Pipelining in a polynomial

Question

I suggest, first try to do this without pipelining, in one clock cycle, and then break it into multiple stage.

The design depends on several factors:

How much resources you want to allocate (affects area/power)
What is your clock cycle time? Since multipliers are slow and expensive, you don't want to connect many of them back o back.
What is your throughput? Do you want a result per clock cycle, or a result per N number of clock cycles (this way you can do resource sharing).

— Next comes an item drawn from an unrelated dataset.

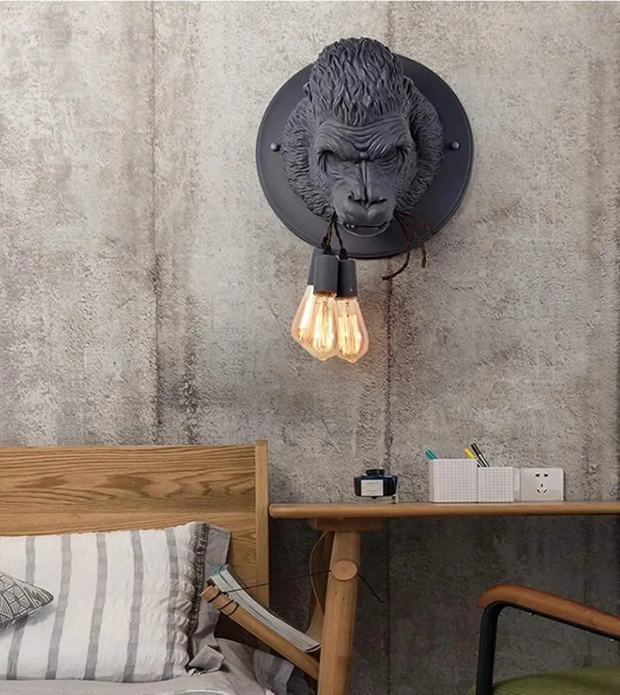 3D Chimpanzee Face Black Gorilla Wall Lamp

Here is an example: Lets assume you can tolerate the delay of only two consecutive multipliers per clock cycle, and you want a throughput of one polynomial per clock cycle. Your pipeline structure can be like this:

stage 1: inputs: {a5,...,a0,x}

Combination circuit:

{a5,...,a0,x}---------------------->{a5,...,a0,x}
                        |-->------->x^2
            x->[mult]->x^2->[mult]->x^3

stage 2: inputs: {a5,...,a0,x,x^2,x^3}

Combination circuit:
{a5,...,a0,x,x^2,x^3}------------------------>{a5,...,a0,x,x^2,x^3}
                                  |-->------->x^4
                    x^3->[mult]->x^4->[mult]->x^5

stage 3: inputs: {a5,...,a0,x,x^2,x^3,x^4,x^5}

Combination circuit:
(a0,x^0)->[mult]->a0x^0--\      
(a1,x^1)->[mult]->a1x^1--\ 
(a2,x^2)->[mult]->a2x^2-->[sum]-> a0x^0+a1x^1+...+a5x^5      
(a3,x^3)->[mult]->a3x^3--/      
(a4,x^4)->[mult]->a4x^4--/      
(a5,x^5)->[mult]->a5x^5--/

Notice that we are using a lot of resources (multipliers) in order to achieve one result per cycle throughput.

If you can't have more than one multiplier per stage, you need to break stages 1 and 2 into two stages each.